- _Your assignment_: Copy each line of the data below exactly, leaving out pictures.

- _The data_:
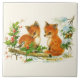 Cute Vintage Foxes Retro Christmas Scene Ceramic Tile
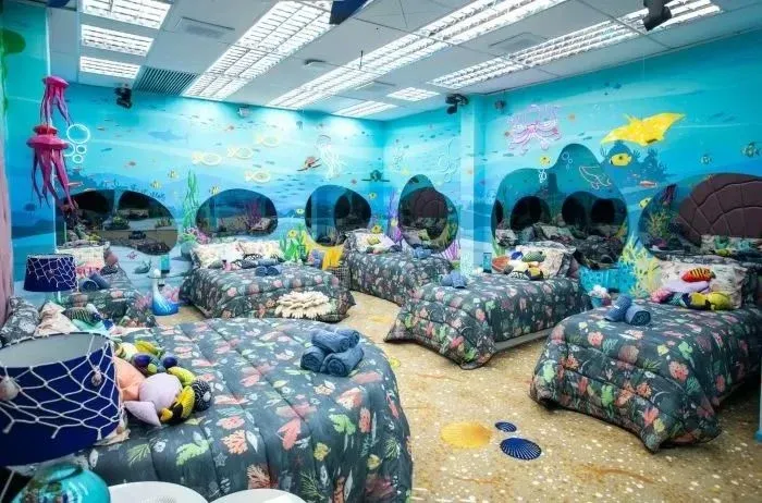 Contrario del estilo "más sobrio" del reality en Argentina, no escatimaron lujos y excentricidades para la competencia del país vecino. Los colores prevalecen y las habitaciones de los participantes están ambientadas como si fuera un "acuario" con peces. Mientras que en la cocina, se destacan las alacenas de un tinte verde esmeralda.
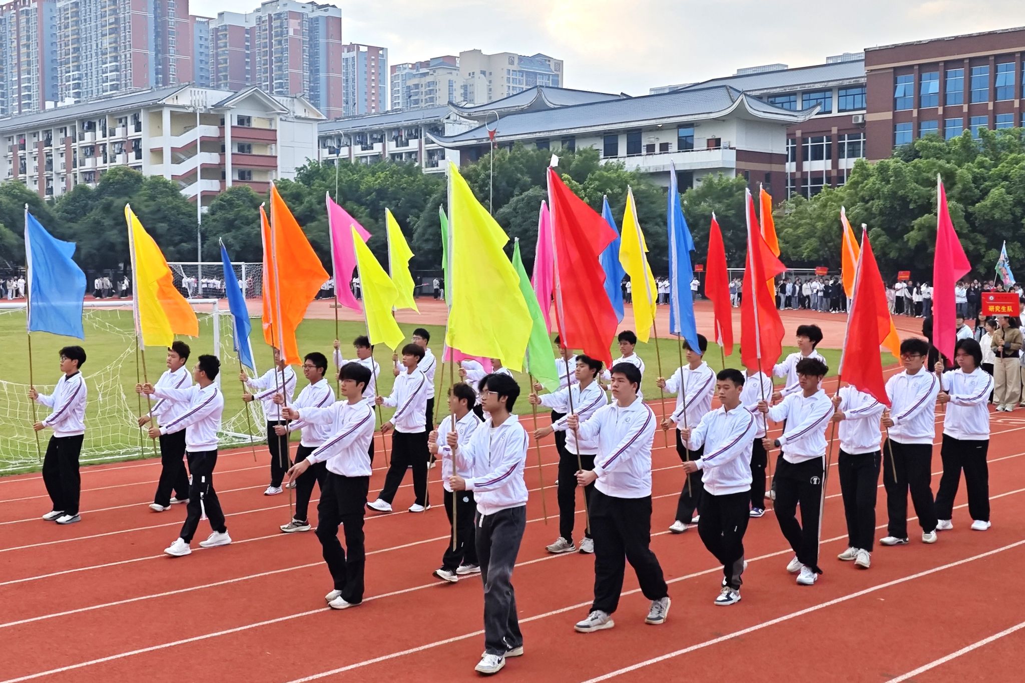 运动会开始,各方阵代表队踏着整齐的步伐有序进场,开幕式在拉拉队舞动的旋律与嘹亮的国歌声中正式开始。运动员代表黄恒烨同学上台宣誓,裁判员代表韦彦仟同学介绍裁判员具体工作,并立下维护竞赛公平的誓言。
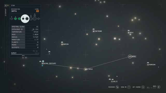 First, find Jaffa system. Helpfully, it is not far from the Alpha Centauri system where your journey begins. I went with the Dream Home trait at the start of the game, so I return to the Olympus system quite frequently. On the Starmap, the Jaffa system is a short distance to its upper right, not quite due south from the Kryx system (see the above screenshot).

- _Solved problem_:
 Cute Vintage Foxes Retro Christmas Scene Ceramic Tile
 Contrario del estilo "más sobrio" del reality en Argentina, no escatimaron lujos y excentricidades para la competencia del país vecino. Los colores prevalecen y las habitaciones de los participantes están ambientadas como si fuera un "acuario" con peces. Mientras que en la cocina, se destacan las alacenas de un tinte verde esmeralda.
 运动会开始,各方阵代表队踏着整齐的步伐有序进场,开幕式在拉拉队舞动的旋律与嘹亮的国歌声中正式开始。运动员代表黄恒烨同学上台宣誓,裁判员代表韦彦仟同学介绍裁判员具体工作,并立下维护竞赛公平的誓言。
 First, find Jaffa system. Helpfully, it is not far from the Alpha Centauri system where your journey begins. I went with the Dream Home trait at the start of the game, so I return to the Olympus system quite frequently. On the Starmap, the Jaffa system is a short distance to its upper right, not quite due south from the Kryx system (see the above screenshot).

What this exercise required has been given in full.